What to Do If Your Marketing Strategy Needs to Change—Or You Don’t Have One
If you currently have a marketing strategy, first do a quick assessment to see if it needs to change.
-
How effective has it been in the last 90 days? The last 30?
-
Are you still getting leads?
-
Is your product or service something that is in demand despite current conditions?
-
Has the strategy been internalized by your team?
If the answers to these questions suggest that your strategy is working, then you don’t need to change it just because other people say you do.

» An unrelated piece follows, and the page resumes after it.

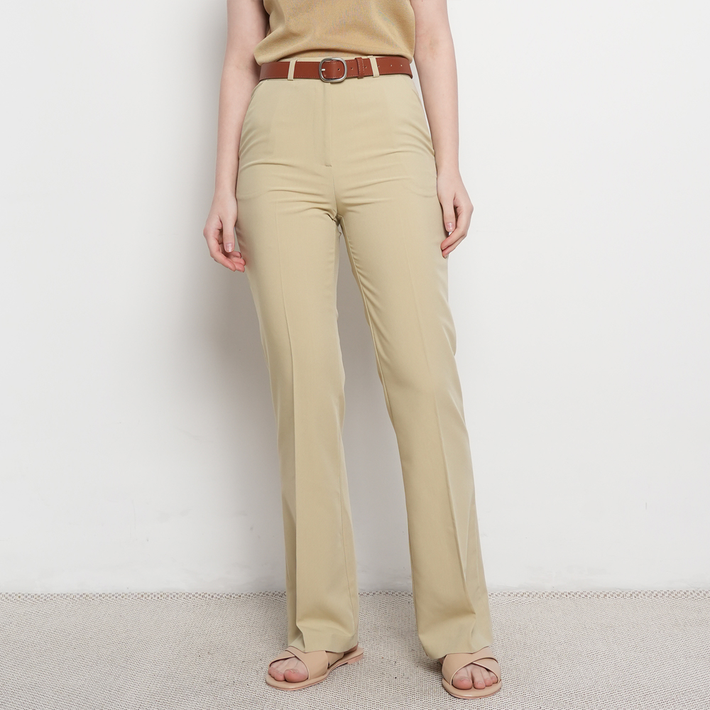 우먼 투핀턱 피그먼트 피치 와이드 코튼팬츠 베이지

If your marketing strategy does need some adjustments, or if you don’t have a strategy, here are some questions to help you revise or create a quick strategy that will get you through the short-term:
-
-
Who is most likely to need my services now? In the next 30-60 days? In the next six months? These are the people you need to reach.
-
What are their biggest challenges right now? These are the pain points you need to address if you want to get their attention – and their business.
-
How can you help them overcome some of those challenges? This is the most important thing you need to talk to them about.
-
What will be the number one question that they will want to have answered about your services, your company, or your process? You will need to answer this question for them before they consider doing business with you. The best way to answer this is by looking back at the most frequently asked questions from clients and prospective clients from the past year. If almost everyone asked a variation of the same question, that’s the question you need to answer up front.
-
The answers to these questions will form the basis of your revised or new short-term marketing plan. As an added bonus, you may also gain insights that prompt you to revise your business model or sales strategy.
How to Execute on a Strategy with Limited Marketing Budget Resources
Once you’ve arrived at a short-term strategy (or you’re moving forward with your existing marketing plan), you need to allocate your budget toward implementation. The two things you need to execute on a marketing strategy are tactics and people.
The MVP Approach to Marketing Tactics
Often talked about in the tech world, “MVP” means “minimum viable product.” Put another way, it’s the least developed something can be and still be usable. It’s not the best, most complete version; it’s what can function enough to move the ball forward.
When you have an unplanned reduction to your marketing budget, taking the MVP approach will help prioritize how that money gets allocated. The best way to determine your marketing MVP is to look at what you would be doing if the budget wasn’t an issue, then identify what the trimmed-down version is. For example, can your ad spends be cut and still reach the needed number of people? Can you shift from doing printed marketing pieces to digital ones? Is there a way to streamline your social media production and management?
Making the Best Use of Your Available Marketing Resources
Now that you’ve decided what to do and why you’re doing it, you need to actually do it – with less budget and possibly fewer people. Here’s how to make it work:
-
Do a quick assessment of (1) how many people hours you have at your disposal per week and (2) the general skill sets of those people. This shouldn’t be an overly detailed, time-consuming activity. The point is to identify where your gaps are and what you can reasonably expect of the team you have left.
-
Compare this list with the skills and amount of time that will be needed to achieve MVP marketing and assign appropriate tasks to the right people.
-
If there are skills gaps between what you know your team can cover and what you need, determine if those could be closed with a very small amount of training. If so, you can allocate time and budget to that training to close those gaps.
-
Line item the “hard” marketing expenses you may have: software, ad spends, printing, etc. Are there less expensive alternatives that you could use for the short-term? Deduct the hard marketing costs from your available marketing budget.
-
Look at the remaining gaps and prioritize them from most important to your immediate business goals to least important. Closing the most important gaps is where you will need to allocate a substantial portion of your remaining marketing budget for the time being.
The current situation won’t last forever, but there have always been and will likely always be times when marketing budgets are unexpectedly impacted. Having the ability to adapt and continue to build on your previous marketing success is crucial.